I am an ace kernel recompiler!  I recompiled the kernel at least three and maybe four times in two days!  It's about the only thing about linux that I am sure I can do!  Not that I have any real concept of what exactly I am doing.  Think trained monkey, and you'll get the idea.

This would be great - really great in fact - but I assume I need to get linux box to recognize skeeter first.

 *elektrohirn wrote:*   

> if it doesn't work with "skeeter" try switching to static IPs. for small networks with 2-5 PCs i personally think it's easier without DHCP.

 

Unfortunately, it's not an option.

----------

## DntKnwHw

hey thanks, i'll try, i hope it will work,   :Very Happy: 

----------

## MOS-FET

hmmm, do you have the correct workgroup name for both computers. in /etc/samba/smb.conf there's a line "workgroup =". put your workgroup name here, e.g. "network". on the win machine, set up the same workgroup name in network preferences. you said it worked the other way right, accessing the linux share from your win machine? so your networks config (IP, netmask ...) seems to be OK.

if you have wins enabled, you should be able to use a computer's name instead of it's IP address. try the following: get your win machine's IP and then try to access the share by entering "smb://IPaddress/share" in the konqueror address bar.

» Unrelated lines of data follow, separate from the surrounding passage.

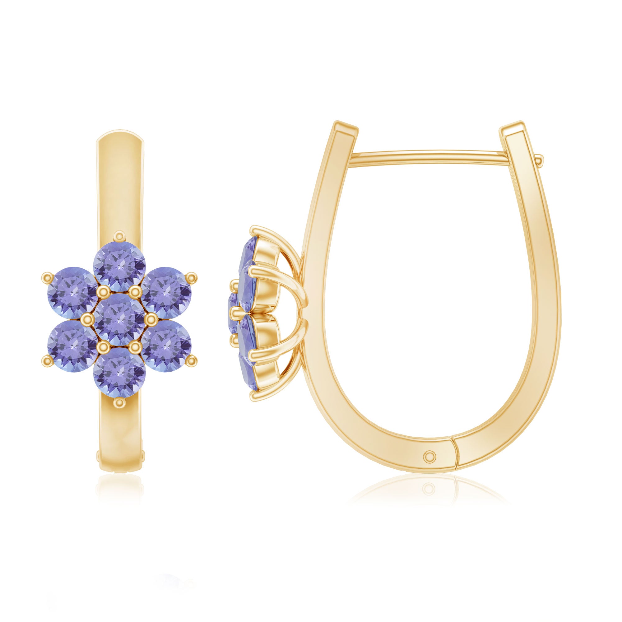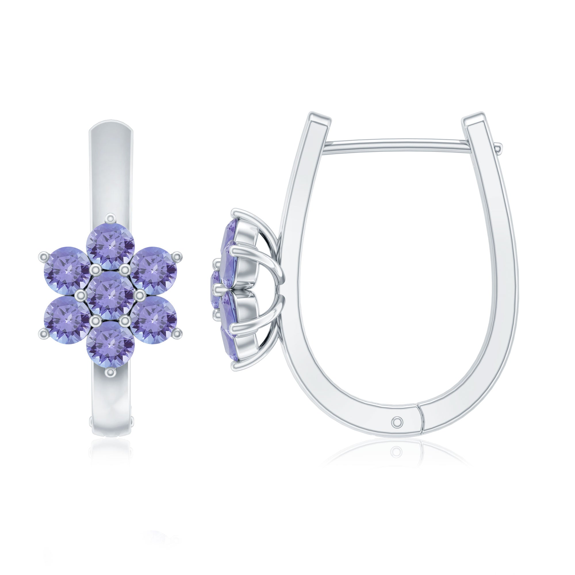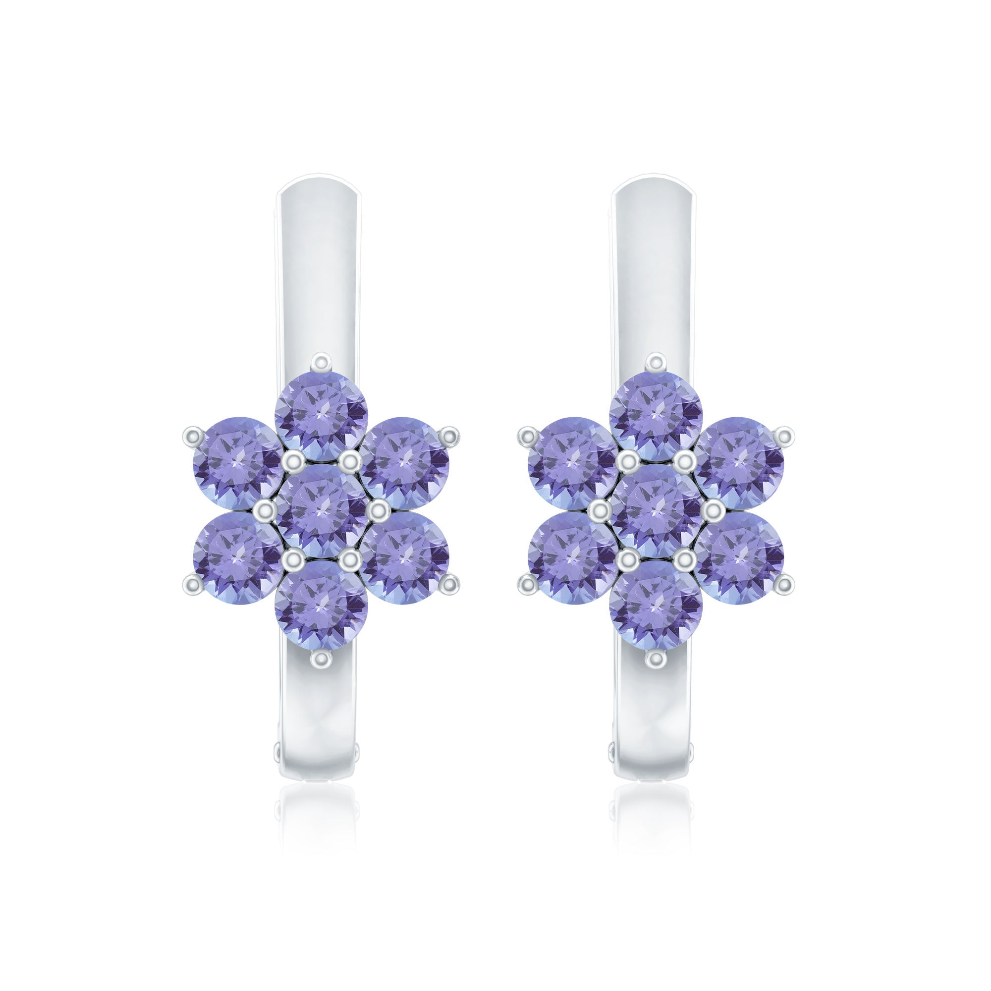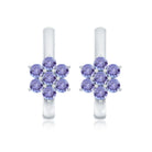 Everyday sparkle receives a delightful upgrade with these Flower Hoop Earrings, which are fresh, stylish, and easy to wear. Crafted in the form of small J hoops, these earrings showcase a stunning floral cluster made from brilliant round tanzanites, creating a delicate flower that immediately captures attention. The tanzanites are genuine and graded AAA quality, providing bright sparkle and a captivating hue that shines effortlessly all day long. The flower detail rests elegantly on the J hoop, adding just the right amount of sophistication while maintaining a simple and versatile overall appearance. A snap back closure ensures these Tanzanite Hoop Earrings are both comfortable and secure, making them ideal for everyday wear without any hassle. Lightweight and thoughtfully designed, they complement casual outfits, work attire, or dressed-up ensembles when you desire something subtle yet special. These Tanzanite Floral Earrings are a meaningful choice for conveying love and appreciation. Whether given to a wife, girlfriend, daughter, mother, or a close friend, they hold significance. Their timeless design guarantees they will be cherished and worn repeatedly.
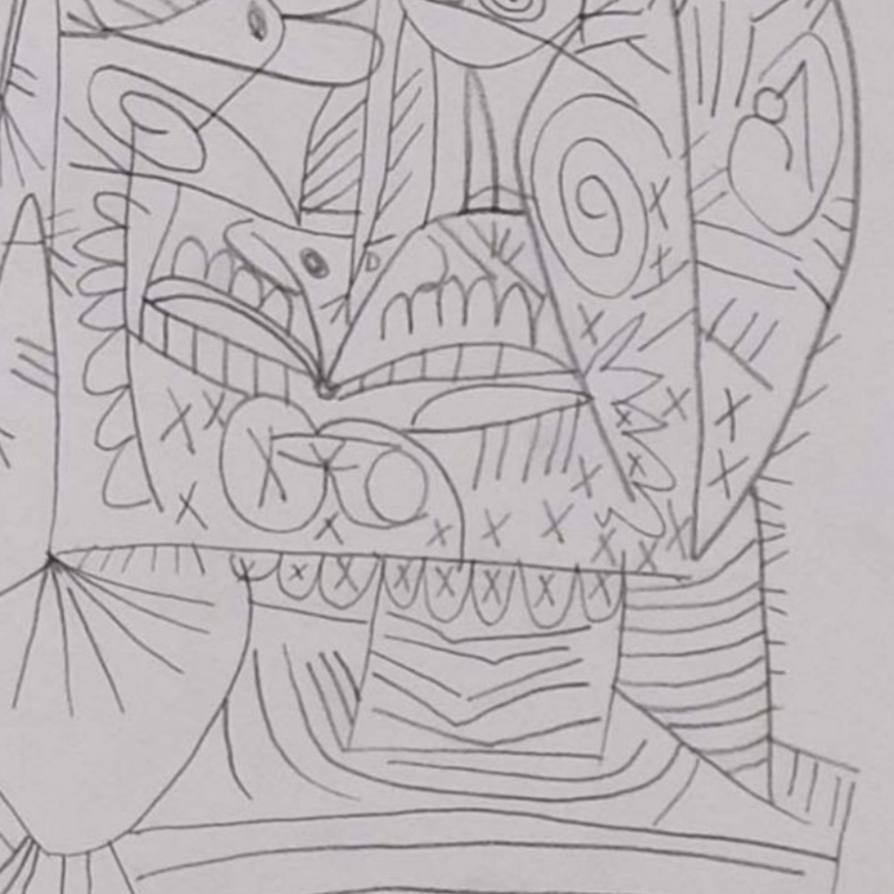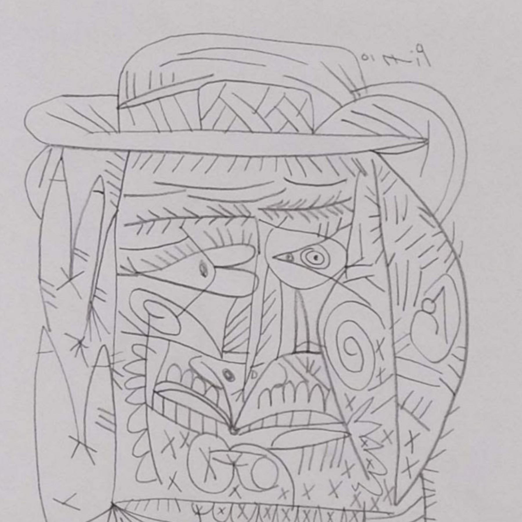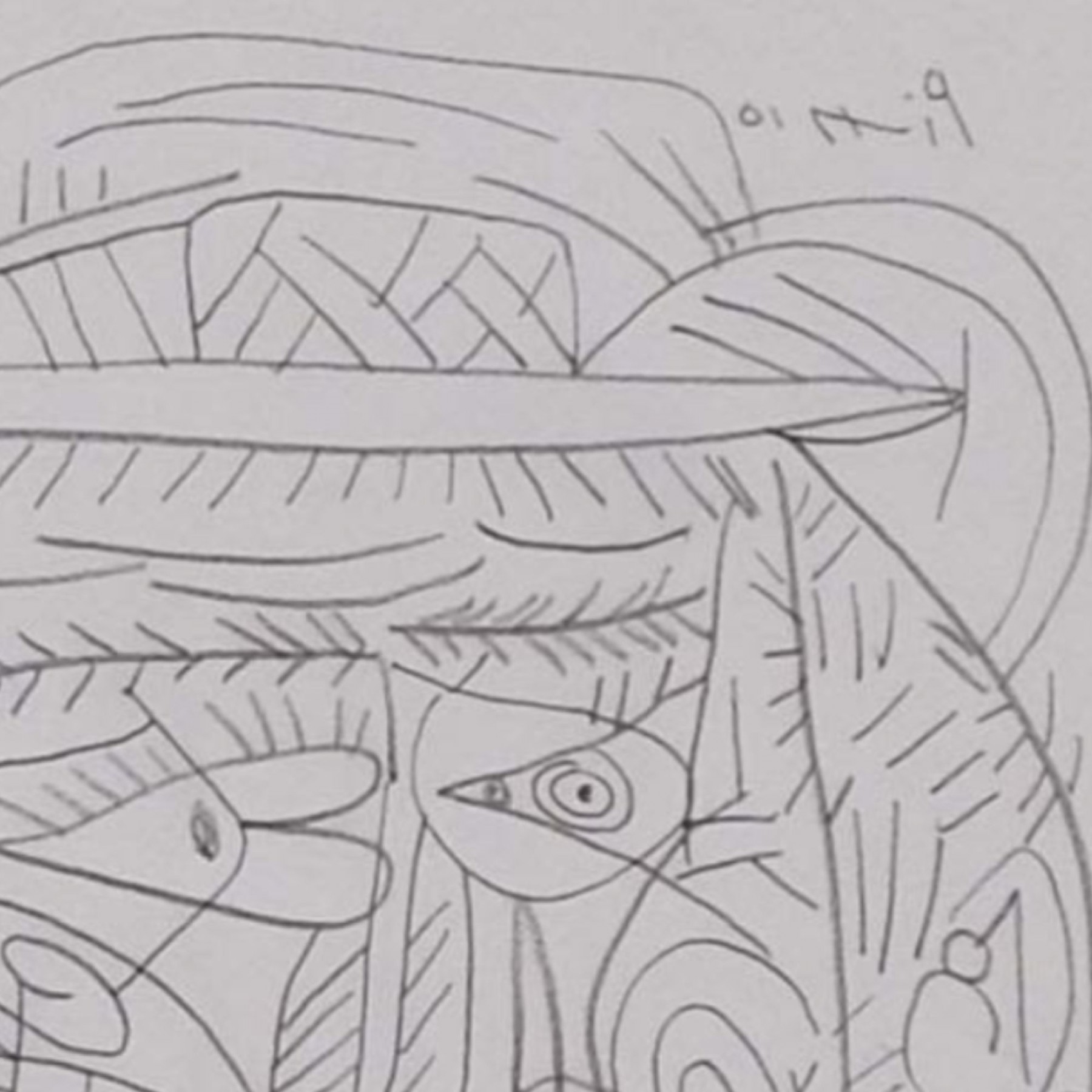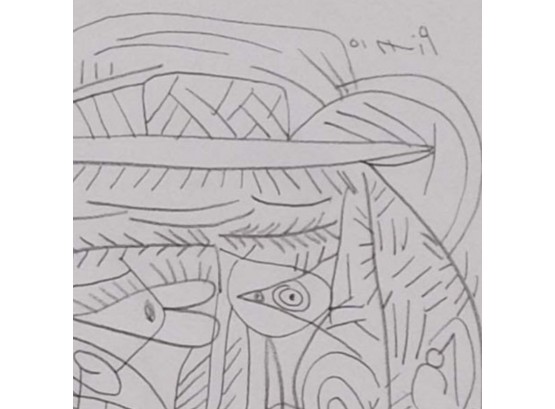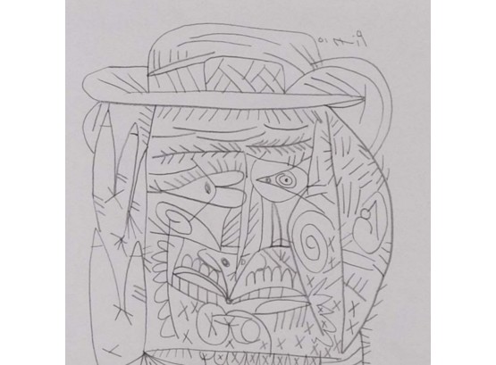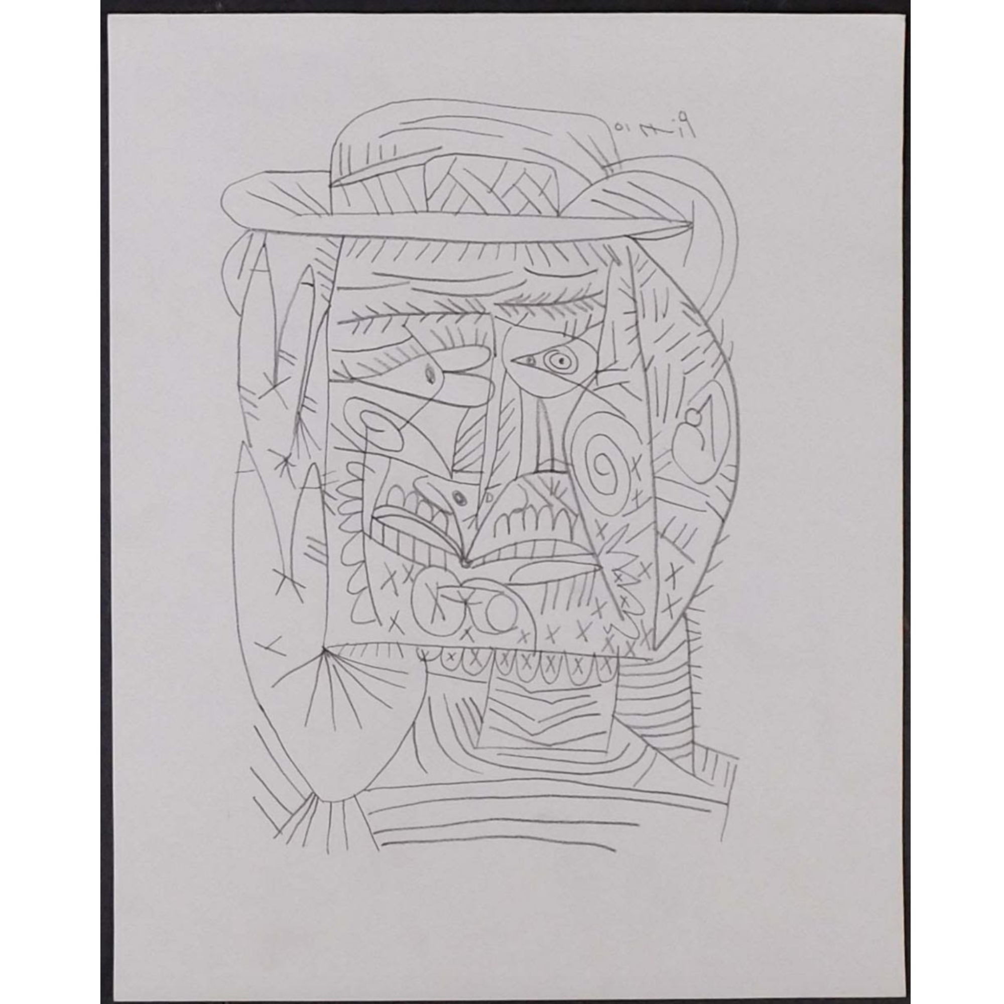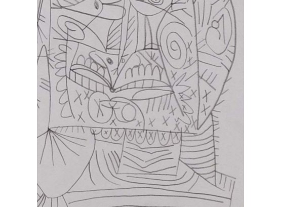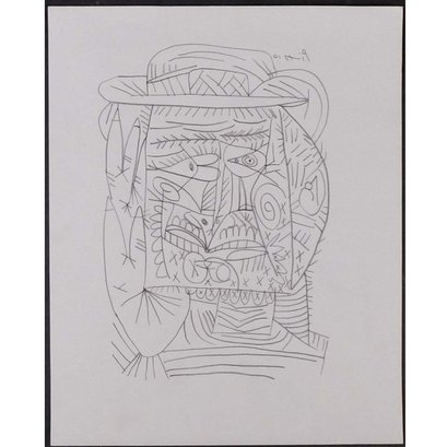"Pablo Picasso (Spanish, 1881-1973) Manner of: Angry Face. Graphite drawing on paper, signed in pencil upper left, unframed.
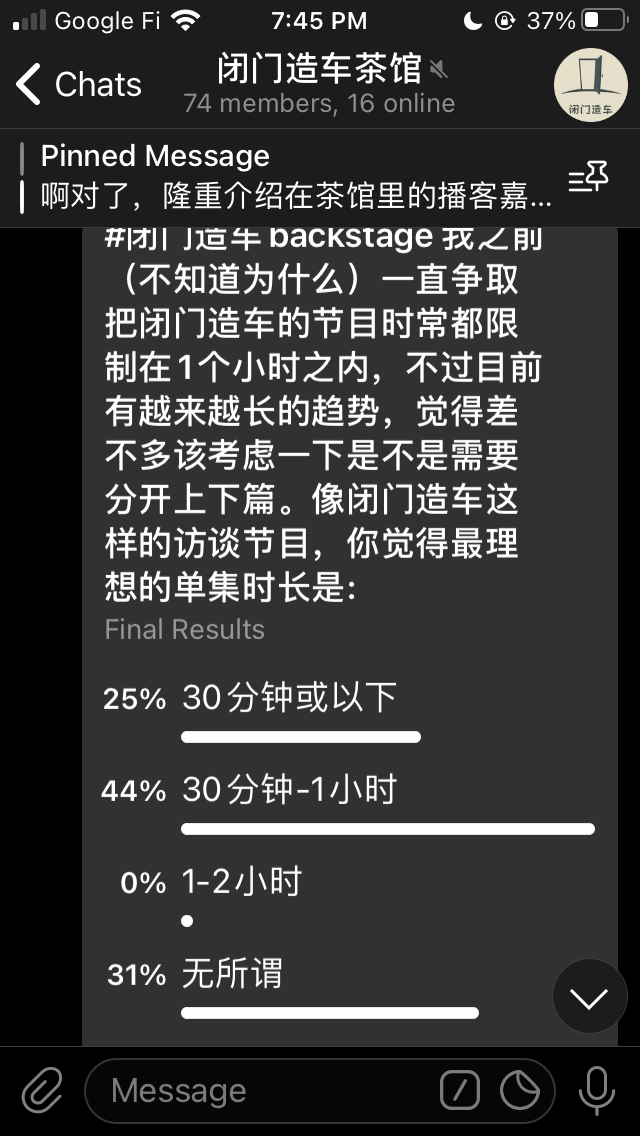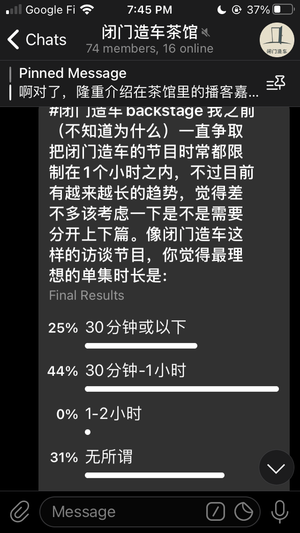 前几天的投票出结果了,长毛象和闭门造车茶馆的大家,意见意外地一致,都偏向30-60分钟区间。那时间比较长的下一期就分成上下两篇发布好了~摩拳擦掌~ #闭门造车backstage
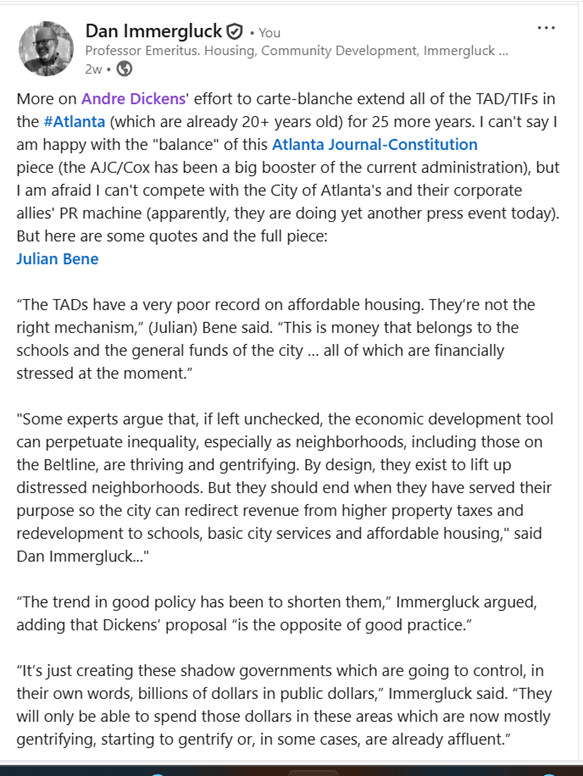 First, I think a very brief explanation of the policy proposal and tax increment financing, called tax allocation districts (TADs) in Georgia, is required here. The AJC article concerned a major proposal by the Mayor to extend all of the TADs in the City of Atlanta until 2055, which would have major, long-term structural implications for the city’s public finances and its ability to fund basic services, schools, and affordable housing throughout the city. The article included quotes from critics of the proposal, including myself and one other person, but also substantial quotes from the mayor’s chief policy advisor arguing for the blanket TAD extension.

give me some more info. what exactly happens if you enter the "smb://..." in konqueror? did you really use the name of the SHARE, not the name of the directory?

quick kernel guide: the kernel basically consists of many "modules", each module has a certain functionality. for example, there's a module than can make a specific network card work, there's a module that can acces FAT partitions, or there's a module that can give you firewire capabilities. with "make menuconfig" you can choose which modules to compile and which not. you should always compile only the modules you really need. you can compile a module as - well - as a module [M] or directly into the kernel [*]. the first is good if you don't need a module very often. you can then load it only when you need it and unload it when it's not needed anymore. if you compile it into the kernel, this module will always be loaded at boot time, it's "inside" or - better - it's a part of the kernel.

----------

## vbenares

tom:

Thanks for your help.

 *elektrohirn wrote:*   

> hmmm, do you have the correct workgroup name for both computers. in /etc/samba/smb.conf there's a line "workgroup =". put your workgroup name here, e.g. "network". on the win machine, set up the same workgroup name in network preferences. you said it worked the other way right, accessing the linux share from your win machine? so your networks config (IP, netmask ...) seems to be OK.

 

Yes.  This seems okay, and linux and windows boxes both appear in the same workgroup from the windows computer.

 *elektrohirn wrote:*   

> f you have wins enabled, you should be able to use a computer's name instead of it's IP address. try the following: get your win machine's IP and then try to access the share by entering "smb://IPaddress/share" in the konqueror address bar.

 

give me some more info. what exactly happens if you enter the "smb://..." in konqueror? did you really use the name of the SHARE, not the name of the directory?[/quote]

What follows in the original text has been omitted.